Start building your data set

It can take 12-18 months’ worth of data to see relationships between business performance and customer behaviour so start collecting data as soon as possible. A good customer communications management (CCM) system will facilitate easy data capture and can be integrated with other business systems to achieve a single view of the customer.

Popular CX Metrics

Forrester suggests that great experiences need to have effectiveness, ease, and positive emotions. To measure CX at the customer journey level, consider leading indicators that highlight frustration, friction, or a problem in the system, such as:

Wait time. In a world where modern consumers expect instant service, the higher the wait time, the lower customer satisfaction is likely to be. It’s calculated as the waiting time for a call centre divided by the number of calls taken in a certain period.

Call abandonment rate. Another indicator of frustration, this metric is calculated as the number of calls where the customer hangs up before speaking to an agent as a percentage of total calls.

Website bounce rate. A high bounce rate may indicate that customers are unable to find what they were looking for or achieve what they came to do. It’s calculated as the number of single-page visits as a percentage of total visits.
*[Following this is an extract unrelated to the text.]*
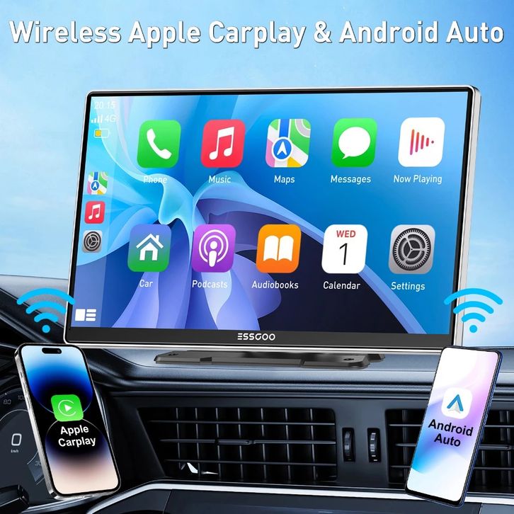 ESSGOO Head unit portable 7 9 10 inch Carplay Nirkabel Portabel Multimedia Mobil Layar Sentuh Monitor IPS FHD

These could be used to underpin more cumulative, top-line metrics like:

Customer effort score. CES relates to the amount of effort a customer uses to achieve a given task and is measured with a survey question. The idea is that the easier the task is to complete, the better the customer experience. According to research by Gartner, 96% of customers with a high-effort service interaction become more disloyal, as against just 9% who experience a low-effort interaction.
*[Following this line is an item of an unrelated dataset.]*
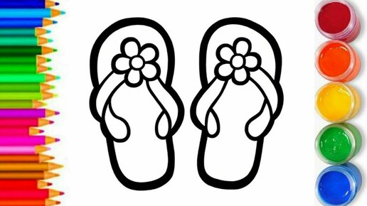 Рисование раскраски Шлепанцы для детей | Попробуйте рисовать вместе со мной.

Customer satisfaction. An emotion-based metric, customer satisfaction score (CSAT) shows the average level of satisfaction in customers. It’s measured with a survey question, usually after a specific interaction.

Net Promoter Score. NPS shows the likelihood of customers to recommend your company to family and friends. Although a commonly used metric due to its ease of measurement—asking customers a simple survey question—isn’t a direct indicator of customer experience quality as, strictly speaking, it measures loyalty. 
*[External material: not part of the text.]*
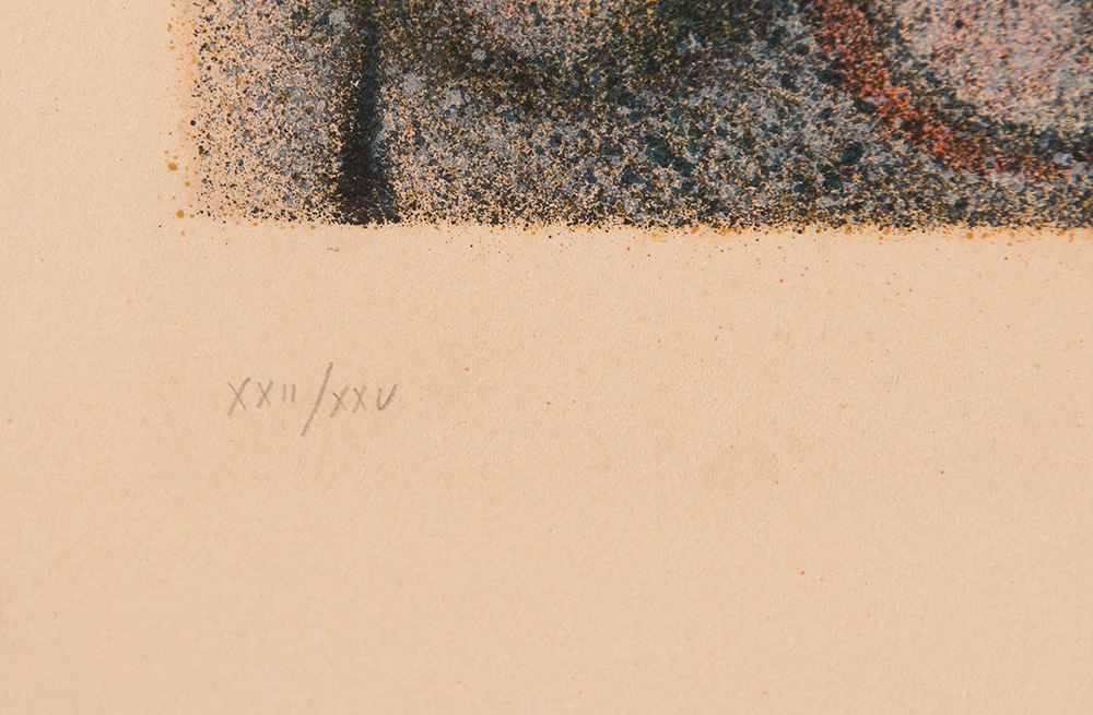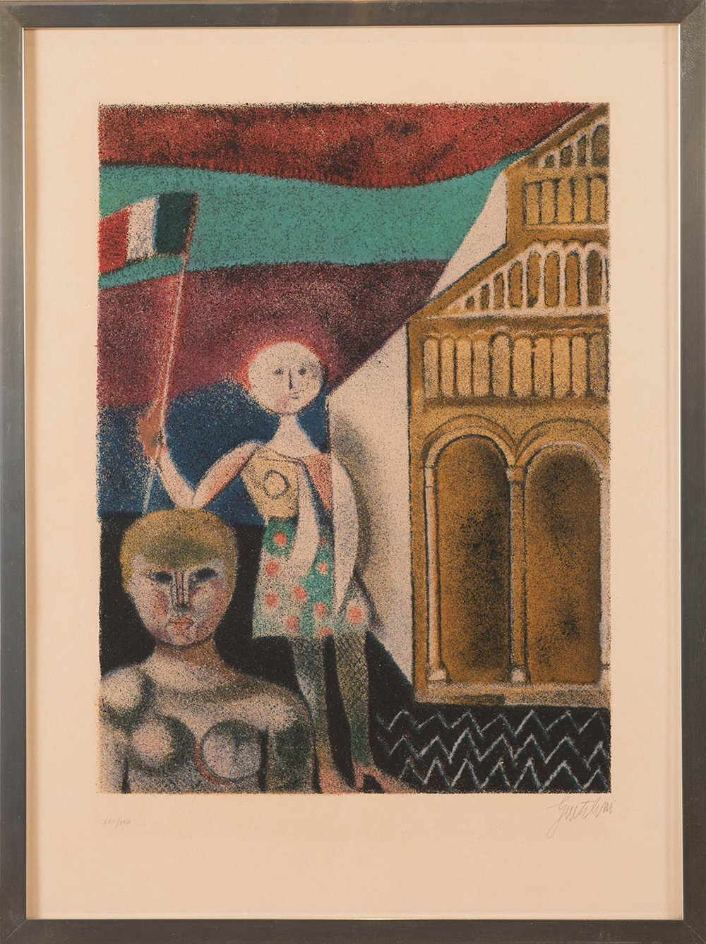 Franco Gentilini (Faenza 1909 – Roma 1981), “Cattedrale”. Litografia a colori su carta, firmata in basso a destra Gentilini, numeri di tiratura in basso a sinistra XXII\XXV, Carta Arches, Foglio H cm 47.5x65, Lastra H cm 49x37

Churn rate. Effectively the opposite of retention rate, churn rate is calculated as the number of customers lost in a certain period, divided by the number of customers the company had at the start of the period. The theory behind it is that customers who are happy with their experience won’t leave.

CX measurement should remain a top priority

Given the rising importance of customer experience, it’s unsurprising that businesses are increasing their CX budgets in 2020. But with higher investment comes an expectation of results, and as the old saying goes, “what gets measured, gets done”.

Leaders should approach customer experience measurement with a holistic model, considering leading indicators from individual touchpoints in addition to top-line metrics. A comprehensive CCM system will allow you to capture the required data to ensure that customer communications are supporting a positive customer experience throughout the customer journey.

As a welcome side-effect, solid, clear content in your communications can also drive customers to your website for more information. This gives you both an additional opportunity to upsell or cross-sell and intercept people before they use your call centre, lowering your cost-to-serve.

Armed with a combination of the right metrics, leaders will be better prepared to understand what’s important to customers and how to meet their needs, enabling them to deliver impact and create value for the organisation.